By now, most readers will be wondering how this compares to Neuralink, the brain-computer interface company funded by Elon Musk. One key difference is that Neuralink’s approach still involves a craniotomy and brain-piercing electrodes – albeit finer and more sensitive than the ones currently used and implanted via robot. But Precision Neuroscience sees the company as a colleague rather than a competitor.

“Honestly, what we’re saying internally is that it’s different approaches that are optimal for different situations,” Mager said. “This is not going to be a winner-takes-all market. There is room for more than one company.”

One of the biggest challenges in building a medical device, not to mention a brain implant, is the daunting task of proving both its uses and safety before bringing it to market. And you can’t just build the gadget – it has to be distributed, supported, documented, etc.

“It’s not just the array, it’s the software: machine learning sophistication is a must to drive really powerful BCI. It is a full-stack product that requires an interdisciplinary team to develop,” says Mager. “And then you have to put it through the FDA regulatory process.

On that side, the company opts for a two-pronged approach. They focus first on short-term and emergency use, such as during a hospital stay — when understanding what’s happening in the brain can be a life-saving technique. They hope to submit their 510K application along these lines to the FDA within a year and be ready to go when the agency gives the green light. Longer term, the plan proves the safety of semi-permanent implantation: the kind where someone could use the implant every day away from home or while traveling for a year. That is a different risk profile and a stricter approval process.

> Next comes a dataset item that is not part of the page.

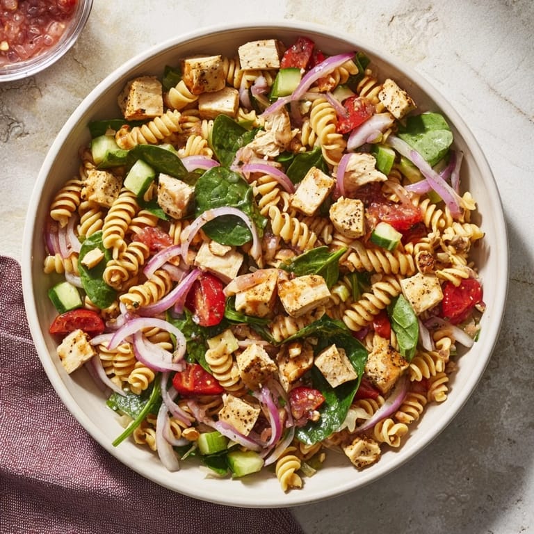 This salad is flexible enough to shift with what's in your kitchen and what season you're cooking in. In summer, I load it with extra tomatoes and cucumber because that's when they're ripe and bursting with flavor. In winter, I add dried cranberries for extra tartness and sometimes swap some of the spinach for arugula if I want something with more edge. The chicken is there as protein, but if you want to make it vegetarian, chickpeas work beautifully and actually soak up the dressing even better than meat does.
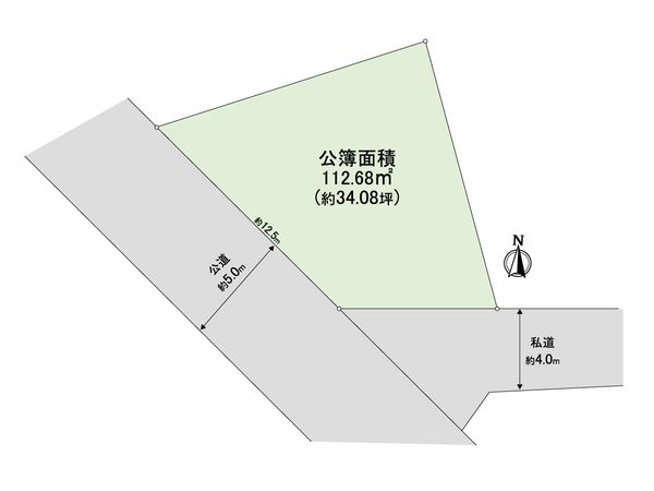 | 土地面積 | 112.68㎡(約34.08坪) ※別途私道約173㎡有 (共有持分 600/5240) |

Stephanie Rider from Precision examines the Layer 7 implant. Image Credits: Precision Neuroscience

Such relatively long time horizons are common in medicine, but less so in venture-backed startups. Why ask VCs when so many are interested in businesses that are faster and easier to scale, such as software and services?

“It was a big mistake, we should have started a software company. I talk to Craig about this all the time! joked Mager. “But really, despite the challenges and the times, there is a group of venture capital firms that are not insignificant, that are eager to invest in companies that want to make a huge impact on human health and also build a great company — not in two -three years, but 10 years.”

Here, Mager credited Musk for popularizing the idea that venture capital can support big long-term endeavors like SpaceX and Tesla, not just high-growth software companies that sell out in a year or two. A rocket company might not have seemed like a likely venture-backed venture 10 or 15 years ago, he said, but now no one questions it. The same can be true for neural interfaces – “and we can create a meaningful clinical asset in the meantime.”

The $41 million B round will enable Precision to continue working toward FDA approval and further develop and support the Layer 7 stack from hardware to training and customer service. The round was led by Forepont Capital Partners. Mubadala Capital, Draper Associates, Alumni Ventures, re.Mind Capital, Steadview Capital and B Capital Group.